Non potrò mai sapere la verità, ma so che in fondo ora non mi importa. Che io sia veramente figlia dell'amore di mia madre per suo fratello o che io abbia creduto a questo fomentando un sospetto censurato poi nel profondo, non fa ormai alcuna differenza. Non so da quando quel tarlo si sia insinuato in me, il dubbio di essere stata generata da un'azione riprovevole e peccaminosa, il presentimento di portare un marchio indelebile che mi avrebbe attirato le sventure poi capitatemi. Di fatto dopo la morte di zio Gustavo tutto è man mano precipitato. E io mi sono accollata la tragedia, come un'eroina d'altri tempi. Ho intuito la morbosità di un legame stretto fra mia madre e suo fratello e preso su di me quell'infamia. Quel mai detto negli sguardi fra i miei familiari, quei silenzi imbarazzanti, quell'incapacità di mia madre di nascondere il suo affetto maniacale. Infamia? Si può chiamare infamia un legame d'amore troppo ossessivo? Oppure sono io che ho interpretato con la mia immaginazione perversa qualcosa trasformandolo in qualcosa di diverso?
Il fuoco purifica i metalli lasciandoli incontaminati. Un anello incandescente percorrendo esternamente il mio corpo intero, dalla testa ai piedi, ha raccolto tutte le impurità. Sono passata attraverso le fiamme. Ho camminato sui carboni ardenti. Ho abbandonato durante la muta la vecchia pelle del serpente.

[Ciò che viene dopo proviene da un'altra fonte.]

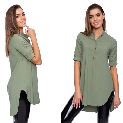 АССИММЕТРИЧНАЯ ДЛИННАЯ РУБАШКА, цвет хаки, размер S - 42

L'importante è che nel fuoco io abbia lasciato bruciare quel grumo e che me ne sia liberata. Che io mi sia alleggerita di pesi che mi sono portata per anni addosso con sensi di colpa e paure. Che il mio corpo si sia liberato di cellule malate di malinconia e tristezza. Che i soprusi tornino per sempre al passato, da dove sono venuti, rimandati al mittente con la dicitura partita per destinazione ignota. Consapevolmente eviterò di generare quel mio male di vivere addossandone poi agli altri la responsabilità con rabbia e rancore. La mia aggressività latente per tema di essere aggredita per prima verrà domata e trasformata nel leggero battito d'ali del mio respiro guarito.
Il metallo è stato saggiato. La raffinazione ha compiuto il suo corso. La purificazione è avvenuta. Rimane soltanto un acre e sottile odore di bruciato.